Quasi la metà degli italiani (il 48%) è infatti convinto che la presenza degli immigrati sia un vantaggio per l’economia nazionale: lo sono in particolare gli anziani (52% contro il 39% dei giovani) probabilmente a causa del ruolo svolto dagli stranieri nei servizi alla persona (badanti, pulizie, e così via).

L’errata percezione degli arrivi condiziona l’opinione

Sembrano quindi emergere due atteggiamenti diversi: più favorevole nei confronti degli stranieri già presenti nel nostro Paese (circa sei milioni secondo la Fondazione Ismu) e di maggiore chiusura verso quelli che invece potrebbero ancora arrivare. Su questa “ostilità”, pesa molto probabilmente l’errata percezione di come avvengano gli arrivi nel nostro Paese. Il 30% degli intervistati pensa infatti che oltre il 50% degli ingressi si realizzi attraverso gli sbarchi, e per un ulteriore 33% la percentuale degli arrivi via mare oscilla fra il 20 e il 50 per cento.

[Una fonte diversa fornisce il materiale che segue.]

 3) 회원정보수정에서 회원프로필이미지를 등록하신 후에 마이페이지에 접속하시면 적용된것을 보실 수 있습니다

In realtà, negli ultimi dieci anni (dal 2013 al 2022), in base ai dati del ministero dell’Interno, sono entrati nel nostro Paese tramite sbarchi circa 900mila immigrati che, anche se fossero tutti rimasti sul territorio italiano (e molti invece raggiungono l’Italia con l’obiettivo di spostarsi in altri Paesi europei), rappresenterebbero comunque non più del 15% degli stranieri presenti nel nostro Paese. Anche perché il 40% dei sei milioni di immigrati che vivono in Italia proviene da Paesi dell’Unione europea.

Più rischi che benefici: i timori degli italiani

Neanche la dinamica demografica, con la popolazione italiana in calo costante dal 2014 e la forte denatalità, induce gli intervistati a ritenere che l’arrivo di altri immigrati si tradurrebbe in un beneficio su questo fronte. Il 54% del campione ritiene, anzi, che comporterebbe più rischi che benefici. Una percentuale che sale al 57% nel Nord est e nell’area Sud e Isole. Ed è la popolazione anziana la più convinta dell’impatto negativo di un aumento dell’immigrazione: risponde in questo senso il 56 per cento.

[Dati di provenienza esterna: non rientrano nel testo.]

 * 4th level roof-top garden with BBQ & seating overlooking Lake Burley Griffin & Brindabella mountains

Il livello di integrazione degli immigrati percepito dagli italiani è migliore in relazione ai luoghi più strutturati, come il lavoro e la scuola. Il 71% degli intervistati ritiene che il livello di integrazione nei luoghi di lavoro sia buono, e il 61% dà la stessa risposta riferita alla scuola. Il giudizio è invece negativo quando si passa alla vita quotidiana nelle città e alla partecipazione in campo culturale e pubblico. Il 64% ritiene infatti che non ci sia un buon livello di integrazione degli stranieri nella vita di quartiere. Per il 78% l’integrazione è assente in relazione alla partecipazione alla vita culturale e addirittura per l’86% se si guarda alla partecipazione alla vita pubblica o politica.

Tra i principali ostacoli segnalati dagli intervistati rispetto a un pieno inserimento degli immigrati in Italia (una domanda che consentiva più di una risposta), ci sono fattori culturali e abitudini differenti (60%), seguiti da diffidenza e paura reciproca (50%), e dalla religione (45%).

Sul fatto che ai figli degli immigrati nati in Italia possa essere attribuita la cittadinanza italiana, ovvero che possa essere riconosciuto lo ius soli, il 53% è favorevole. Anche in questo caso, gli anziani lo sono un po’ meno (49%).